To oszustwo phishingowe w komunikatorze Facebook mogło usidlić miliony użytkowników

To oszustwo phishingowe w komunikatorze Facebook mogło usidlić miliony użytkowników

Wykryto dużą kampanię phishingową, która mogła przynieść jej operatorom miliony dolarów dzięki opłatom reklamowym podmiotów stowarzyszonych.

Odkryta przez firmę PIXM zajmującą się cyberbezpieczeństwem zajmującą się sztuczną inteligencją we wrześniu 2021 r., zanim osiągnęła szczyt w kwietniu i maju 2022 r., kampania wykorzystywała usługę Facebook Messenger, legalne adresy URL i usługi skracania stron internetowych za pomocą reklam i ankiet.

Zasada jest prosta: oszuści stworzyli wiele stron phishingowych, na których ofiary są nakłaniane do podania swoich danych logowania do Facebooka. Potem wydarzyły się dwie rzeczy.
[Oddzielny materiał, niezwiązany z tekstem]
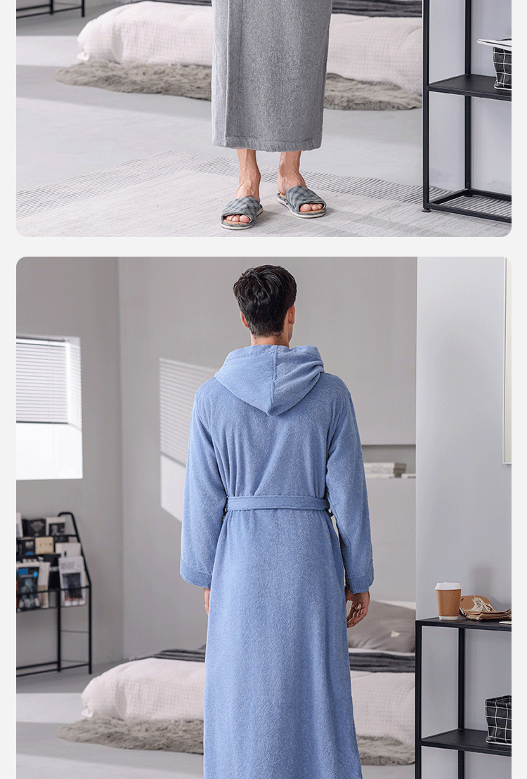 純綿ホテルのバスローブ秋冬にタオルを厚くして寝ている服を長くして帽子をかぶっている子供の親子男性女性の吸水浴衣
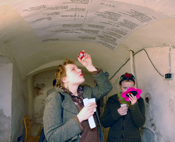 .Conceptual writing: an unexpected performance. Unknown policeman (on the right) is writing a record on criminal act - the sentence „nothing can be more essential than this sentence” was painted on a real estate without permission of the owner! On the left: Erkki Luuk (mag.phil), the father of estonian experimental literature.

Po pierwsze: byłyby przekierowywane na stronę internetową z reklamami, ankietami i innymi sposobami generowania przychodów dla operatorów, a po drugie: konta ofiar na Facebooku (otwiera się w nowej karcie) byłyby wykorzystywane do dalszego rozpowszechniania kampanii poprzez Posłaniec.
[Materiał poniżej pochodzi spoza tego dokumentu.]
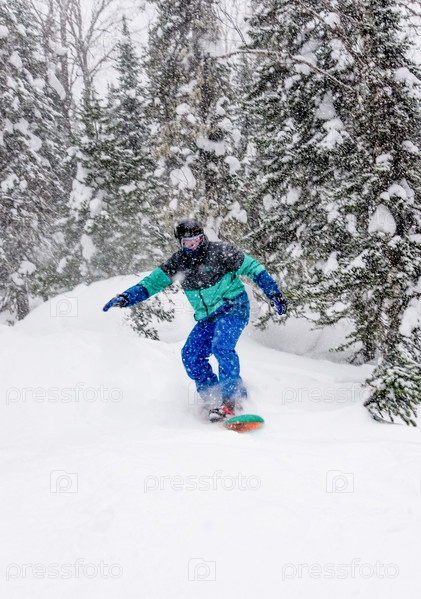 Сноубордист скользит по снежному склону, райдер отдыхает на горнолыжном курорте, экстремальные виды спорта

Omiń zabezpieczenia Facebooka

Messenger jest ogólnie stosunkowo dobry w wykrywaniu i usuwaniu linków phishingowych, ale oszuści byli w stanie ominąć (otwiera się w nowej karcie) mechanizm obronny za pomocą legalnych usług skracania adresów URL, takich jak litch.me, Famous.co, amaze.co i funnel-preview . .com, odkryli naukowcy.

Wygląda na to, że cała kampania została zautomatyzowana, przy bardzo niewielkiej ingerencji ze strony jej mózgów.

„Konto użytkownika zostałoby naruszone i prawdopodobnie w sposób zautomatyzowany cyberprzestępca zalogowałby się na to konto i wysłał link do znajomych użytkownika za pośrednictwem Facebook Messenger” – powiedział PIXM.

Kopiąc głębiej, PIXM znalazł jedną ze stron phishingowych, na których znajdował się link do otwartej, publicznej aplikacji do monitorowania ruchu. Dzięki aplikacji odkryli, że w 2021 roku jedną ze stron phishingowych odwiedziło 2,7 miliona użytkowników, aw tym roku liczba ta wzrosła do 8,5 miliona.

Łącznie 405 unikalnych nazw użytkowników zostało użytych jako identyfikatory kampanii, co prawdopodobnie nie jest całkowitą liczbą kont użytych w kampanii.

PIXM znalazł również fragment kodu wspólny dla wszystkich stron phishingowych, który dotyczył strony przejętej i zamkniętej przez policję. Podobno należy do Kolumbijczyka, niejakiego Rafaela Dorado, przeciwko któremu obecnie toczy się śledztwo.

Szczegóły dotyczące zarobków są skąpe, ale naukowcy twierdzą, że liczą się w „milionach”.